[Stored data entries]
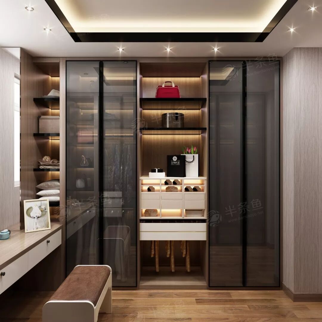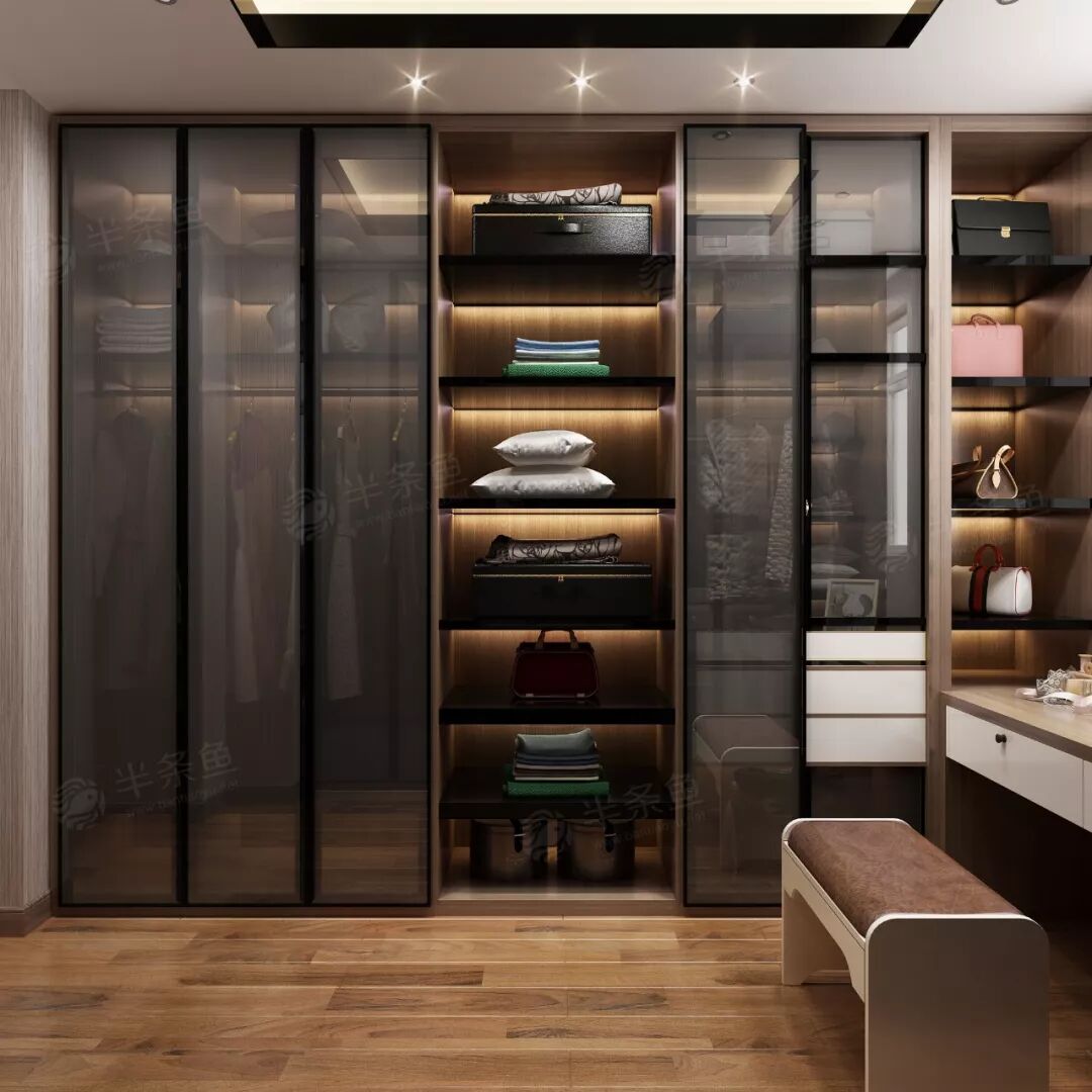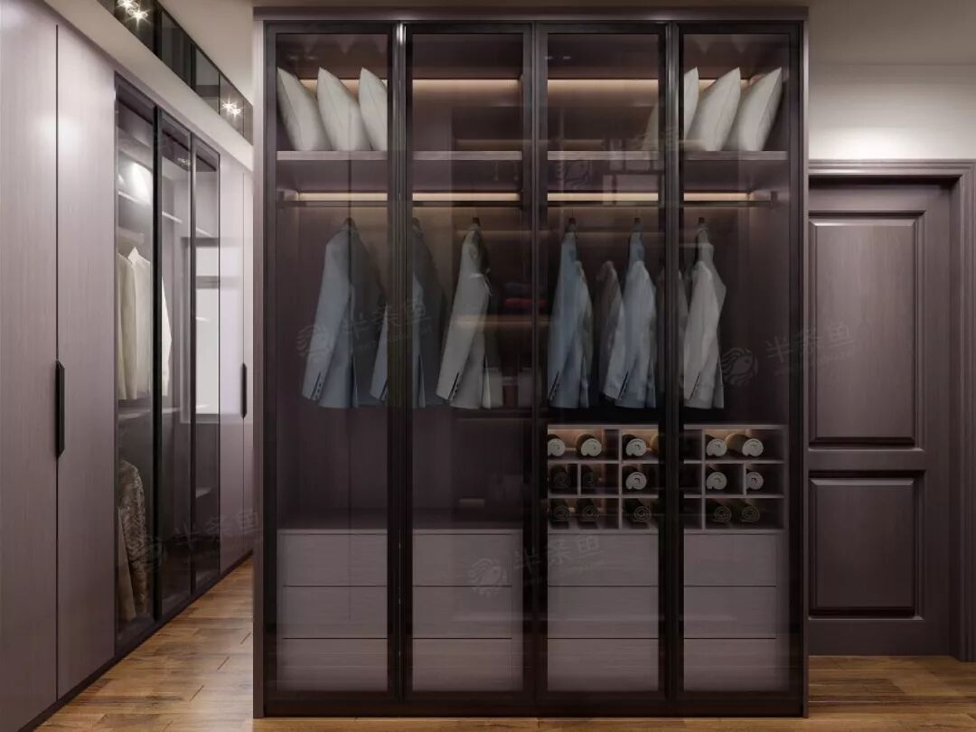玻璃外观和鱼模网模型的五金,都已经很全面的展示了衣柜所需的内饰。很多人都认为裤架很鸡肋,但是这种双层裤架真的储物翻倍。柜体超过900mm,安装三个纵拉裤架也没有问题。
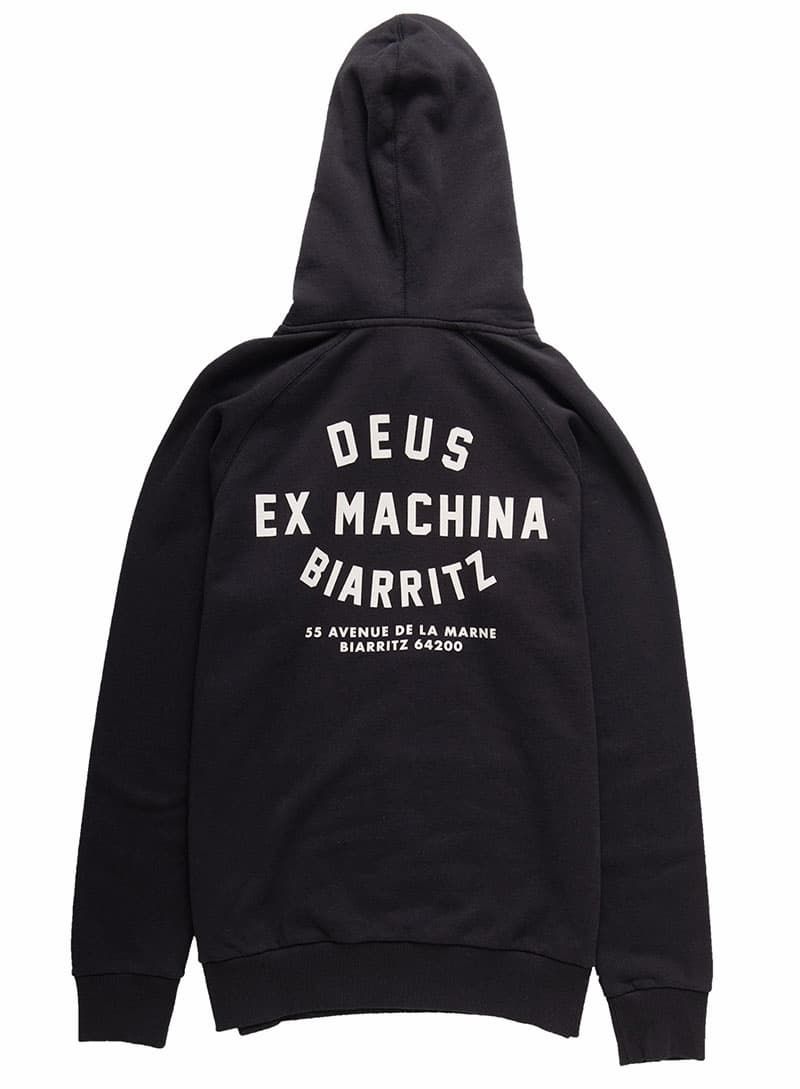 La sudadera con capucha para hombre Biarritz Address en negro (Black) de Deus Ex Machina está confeccionada con tejido de algodón cepillado (350g).
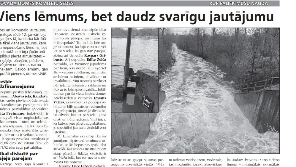 Vides un komunālo jautājumu komitejas sēdē 12. janvārī bija sagadījies tā, ka darba kārtībā bija tikai viens jautājums, kam bija nepieciešams lēmums, bet vēl deputātiem bija jāpārrunā papildus piecas aktualitātes – par gājēju pārejām, plūdiem, latvāņiem un ziemas darbu izmaksām. Galīgo lēmumu gan deputāti pieņems domes sēdē.
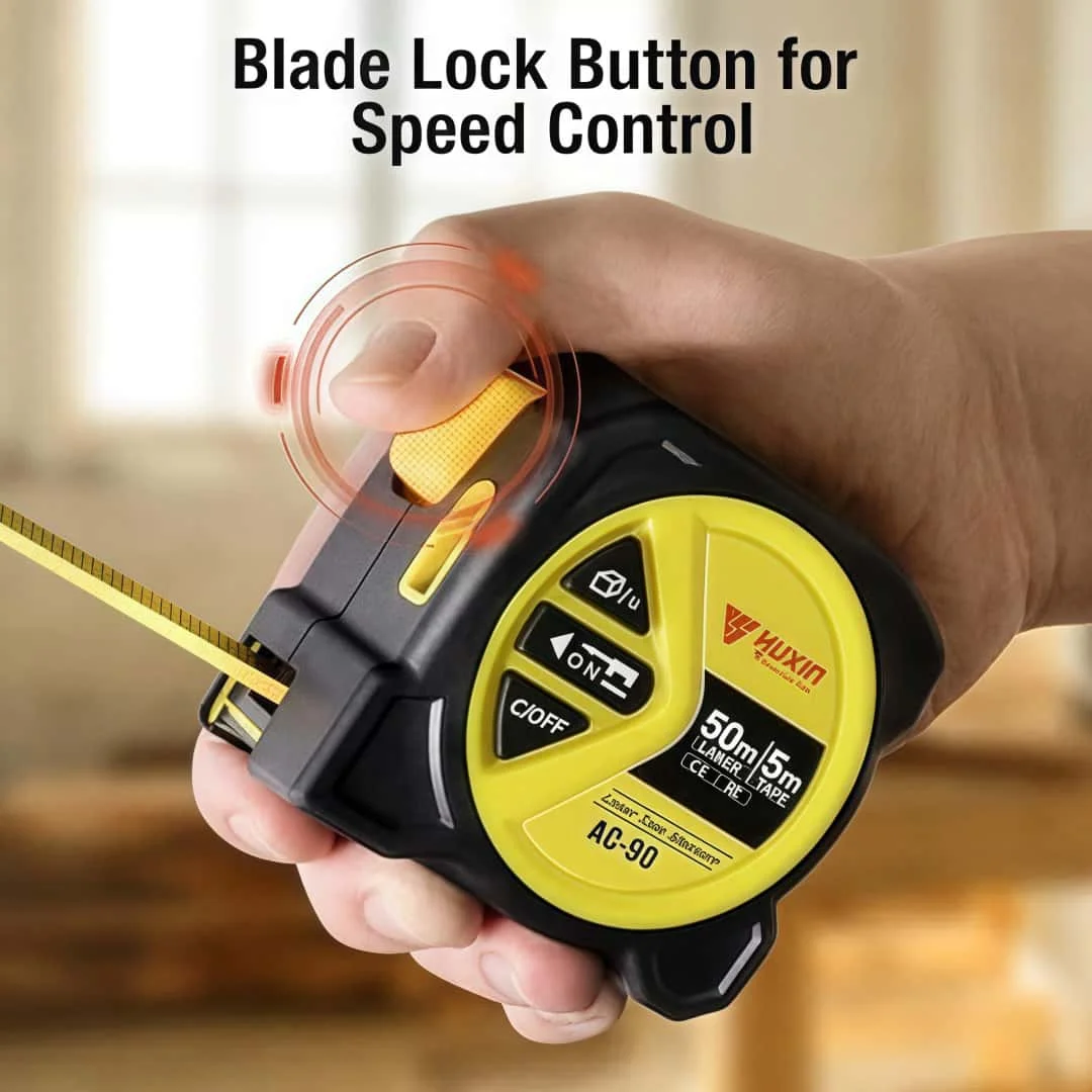 6.Auto-lock and Retract: The tape automatically locks the measurement position when extended, and retracts automatically with the push of a release button, safe and hand-friendly.
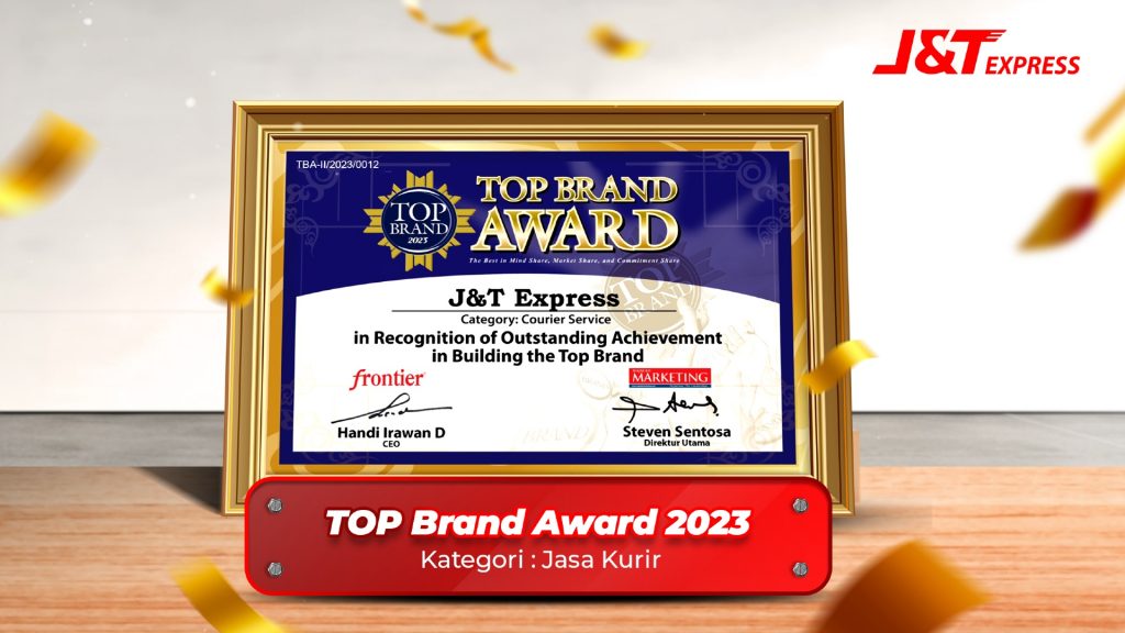 beritaKUH- J&T Express raih penghargaan Top Brand Award 2023 untuk kategori Jasa Kurir. Sebagai perusahaan berskala global yang telah hadir di 13 negara yang tersebar di Asia Tenggara, China, UEA, dan Amerika Latin, pada tahun ini berhasil menduduki peringkat teratas dalam perolehan Top Brand Indeks sebesar 33,3%, dimana terdapat kenaikan signifikan dibandingkan tahun sebelumnya dengan persentase 23,1%. Raihan ini menandakan J&T Express menjadi Top of Mind di Indonesia.
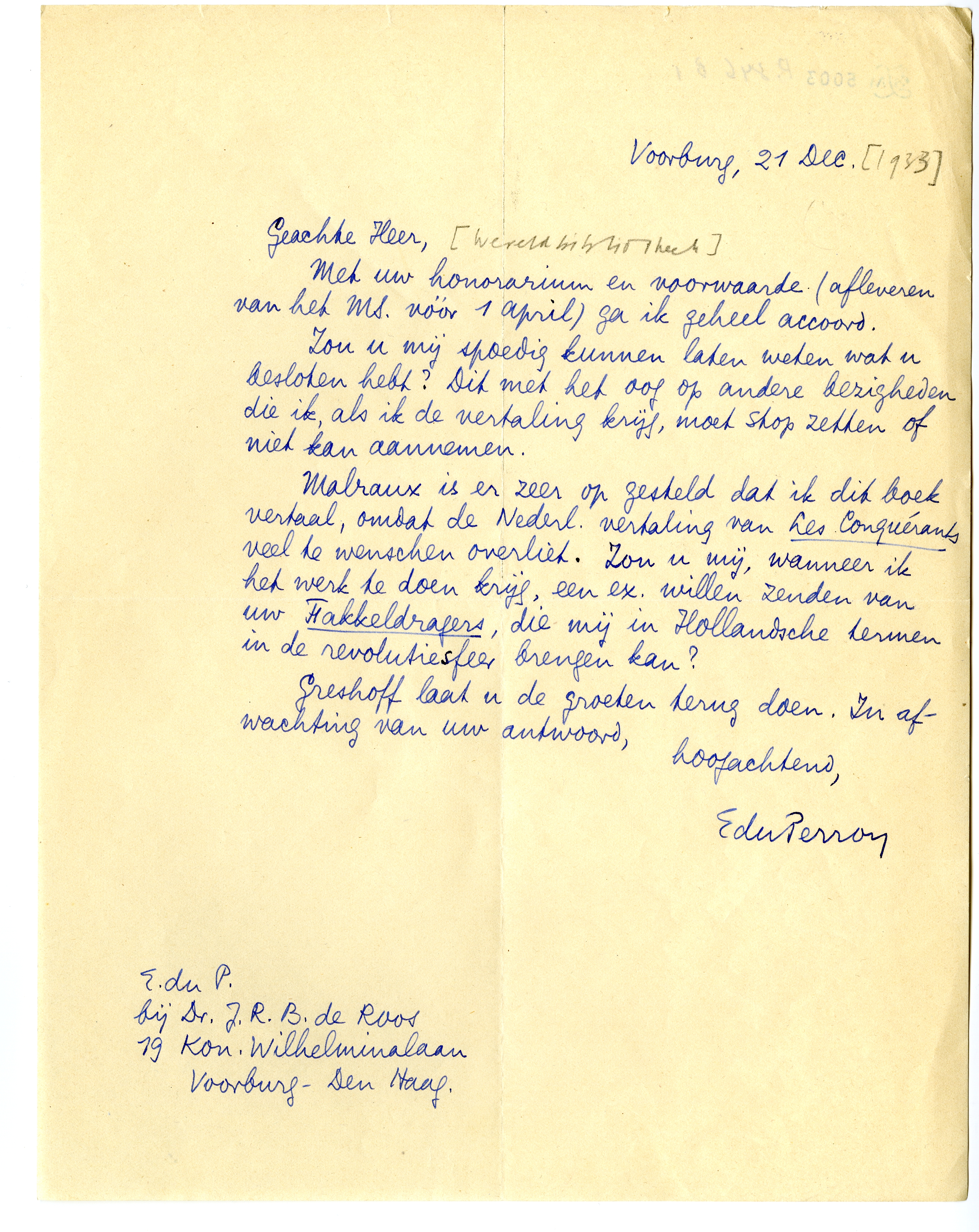 Malraux is er zeer op gesteld dat ik dit boek vertaal, omdat de Nederl. vertaling van Les Conquérants3023 veel te wenschen overliet. Zou u mij, wanneer ik het werk te doen krijg, een ex. willen zenden van uw Fakkeldragers, die mij in Hollandsche termen in de revolutiesfeer brengen kan?
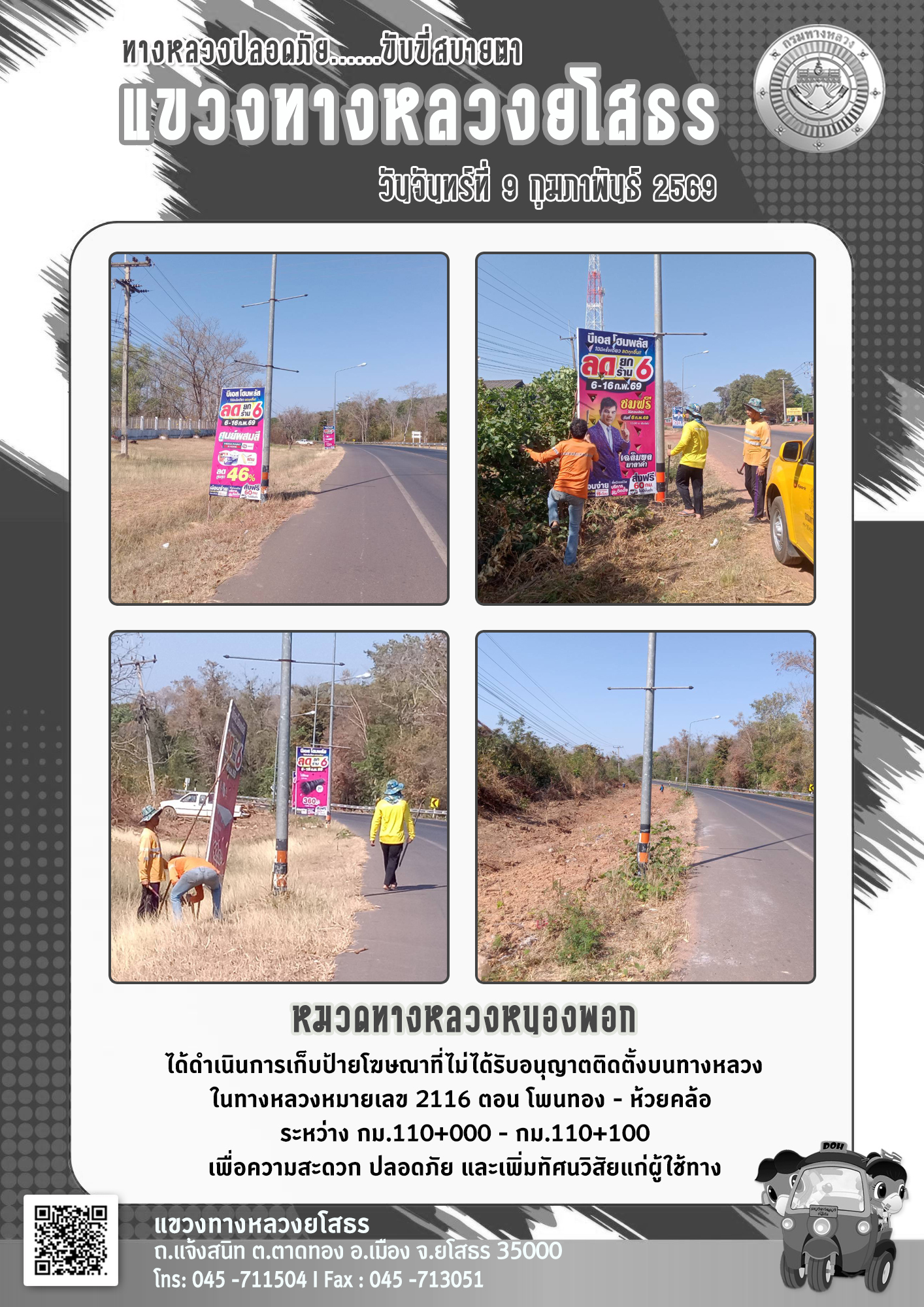 วันจันทร์ที่ 9 กุมภาพันธ์ 2569 หมวดทางหลวงหนองพอก ได้ดำเนินการเก็บป้ายโฆษณาที่ไม่ได้รับอนุญาตติดตั้งบนทางหลวง ในทางหลวงหมายเลข 2116 ตอน โพนทอง - ห้วยคล้อ ระหว่าง กม.110+000 - กม.110+100 เพื่อความสะดวก ปลอดภัย และเพิ่มทัศนวิสัยแก่ผู้ใช้ทาง
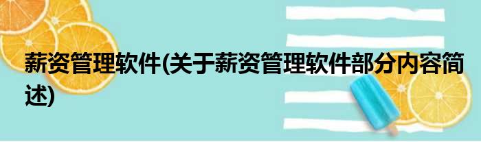 薪资管理软件(关于薪资管理软件部分内容简述)
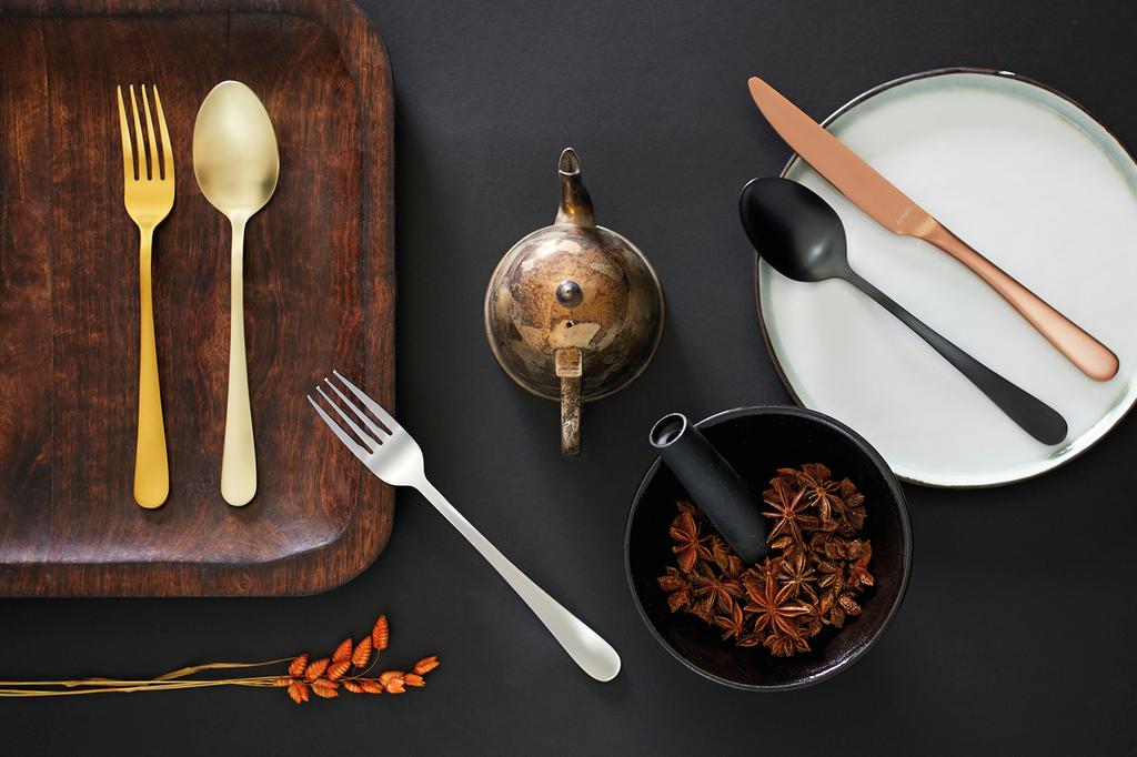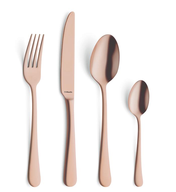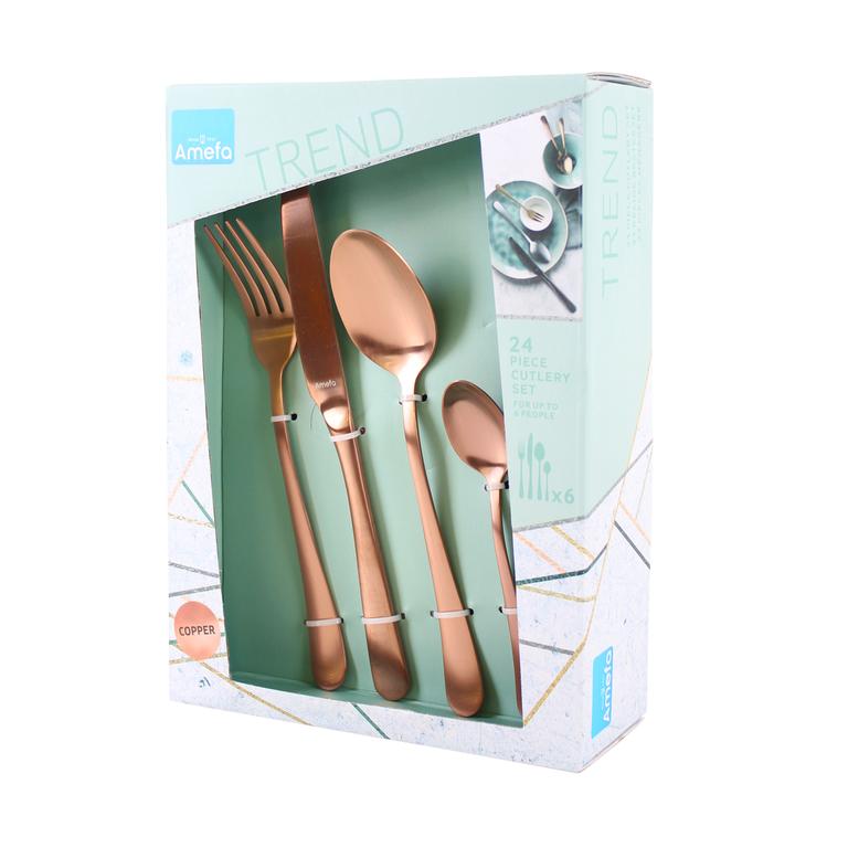 Sada 24 ks príborov AUSTIN je vyrobená z prvotriednej nehrdzavejúcej ocele 18/0, kazetové balenie obsahuje 6 jedálenských nožov, 6 vidličiek, 6 polievkových lyžíc a 6 kávových lyžičiek. Kvalitný príbor pre každodenné použitie v nevšednom modernom dizajne štýl, Vintage, matné prevedenie. Vhodné do umývačky riadu. Farba medená.

Directions for this task: An exact copy of every line above is needed, without the images.

Output for this task:
玻璃外观和鱼模网模型的五金,都已经很全面的展示了衣柜所需的内饰。很多人都认为裤架很鸡肋,但是这种双层裤架真的储物翻倍。柜体超过900mm,安装三个纵拉裤架也没有问题。
 La sudadera con capucha para hombre Biarritz Address en negro (Black) de Deus Ex Machina está confeccionada con tejido de algodón cepillado (350g).
 Vides un komunālo jautājumu komitejas sēdē 12. janvārī bija sagadījies tā, ka darba kārtībā bija tikai viens jautājums, kam bija nepieciešams lēmums, bet vēl deputātiem bija jāpārrunā papildus piecas aktualitātes – par gājēju pārejām, plūdiem, latvāņiem un ziemas darbu izmaksām. Galīgo lēmumu gan deputāti pieņems domes sēdē.
 6.Auto-lock and Retract: The tape automatically locks the measurement position when extended, and retracts automatically with the push of a release button, safe and hand-friendly.
 beritaKUH- J&T Express raih penghargaan Top Brand Award 2023 untuk kategori Jasa Kurir. Sebagai perusahaan berskala global yang telah hadir di 13 negara yang tersebar di Asia Tenggara, China, UEA, dan Amerika Latin, pada tahun ini berhasil menduduki peringkat teratas dalam perolehan Top Brand Indeks sebesar 33,3%, dimana terdapat kenaikan signifikan dibandingkan tahun sebelumnya dengan persentase 23,1%. Raihan ini menandakan J&T Express menjadi Top of Mind di Indonesia.
 Malraux is er zeer op gesteld dat ik dit boek vertaal, omdat de Nederl. vertaling van Les Conquérants3023 veel te wenschen overliet. Zou u mij, wanneer ik het werk te doen krijg, een ex. willen zenden van uw Fakkeldragers, die mij in Hollandsche termen in de revolutiesfeer brengen kan?
 วันจันทร์ที่ 9 กุมภาพันธ์ 2569 หมวดทางหลวงหนองพอก ได้ดำเนินการเก็บป้ายโฆษณาที่ไม่ได้รับอนุญาตติดตั้งบนทางหลวง ในทางหลวงหมายเลข 2116 ตอน โพนทอง - ห้วยคล้อ ระหว่าง กม.110+000 - กม.110+100 เพื่อความสะดวก ปลอดภัย และเพิ่มทัศนวิสัยแก่ผู้ใช้ทาง
 薪资管理软件(关于薪资管理软件部分内容简述)
 Sada 24 ks príborov AUSTIN je vyrobená z prvotriednej nehrdzavejúcej ocele 18/0, kazetové balenie obsahuje 6 jedálenských nožov, 6 vidličiek, 6 polievkových lyžíc a 6 kávových lyžičiek. Kvalitný príbor pre každodenné použitie v nevšednom modernom dizajne štýl, Vintage, matné prevedenie. Vhodné do umývačky riadu. Farba medená.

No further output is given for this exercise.